Tuesday, August 26, 2008

National Collegiate Week promoting racial unity. Ironic? I can't decide.

I'm personally challenged with reaching specific people-groups without further isolating them at the same time. I'm sure I'm not alone in struggling with that balance. For instance, National Collegiate Week is all about recognizing that college students are a unique group within society and as such should be addressed, trained, outreached to, and even perhaps allowed to worship separately in their own environment. Many churches have worship services intended specifically for unique peoples (young adults, traditional-music-lovers, cowboys, whatever).


Yet on the other hand we talk about the necessity of a racially diverse congregation as if race were a "special case" of people-groups that should be integrated together while most other people-groups are being more and more divided and segmented.
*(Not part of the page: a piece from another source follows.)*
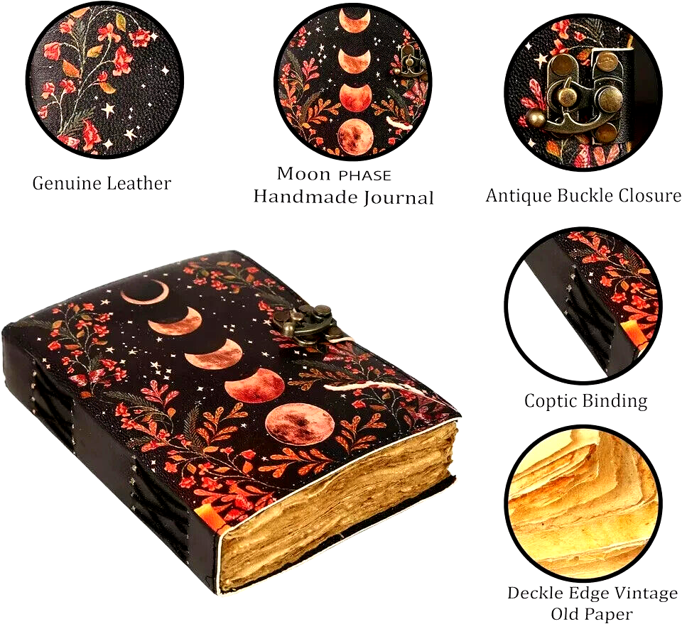 This handmade leather journal is absolutely stunning—the celestial design and deckle edges give it a magical, vintage feel. The quality is top-notch, with soft, durable leather that ages beautifully. Perfect for writing spells, journaling, or sketching, it’s a treasure to hold and use. Every page feels special, making it a joy to capture thoughts and dreams. Highly recommend for anyone who loves unique, heirloom-quality notebooks!

The irony for me is that an incredibly segregated group of people (college students) are being challenged to desegregate by race ("the college students we are segregating from the rest of the church need to be desegregating among themselves, racially-speaking").

Revelation repeatedly speaks of unity between every tribe and language and people and nation. The more I reflect on those passages and on current Christian culture the more I like the push for racial diversity and become more and more uncertain about efforts to further segment (and essentially define ourselves) based on anything other than our mere Christianity.

Are we being intentional to worship among a racially diverse peoples yet at the same time trying to segment ourselves based on other, equally trivial, preferences and demographics such as age or worship styles? It sounds inconsistent at best and hypocritical at worst.

I know there are issues with this attitude such as, "So do I speak Korean to a bunch of Anglo-Saxons and do I speak 'modern' to a bunch of 'postmoderns'?" and I get that. Jesus, Paul, and others seemed to know their audiences very well and interact with them accordingly. However, they interacted with children, elderly, Samaritan, Jew, gentile, women, men, shepherds, and kings. They accepted everyone. They interacted with everyone. They worshipped with everyone. I'm not sure that "demographic-based" churches or churches that segment themselves along these demographic lines are mimicking this all-inclusive attitude. Seems very much a "separate but equal" mentality.

That said, I totally understand and appreciate the very difficult challenge college ministers have of balancing between relevant ministry and segmented ministry.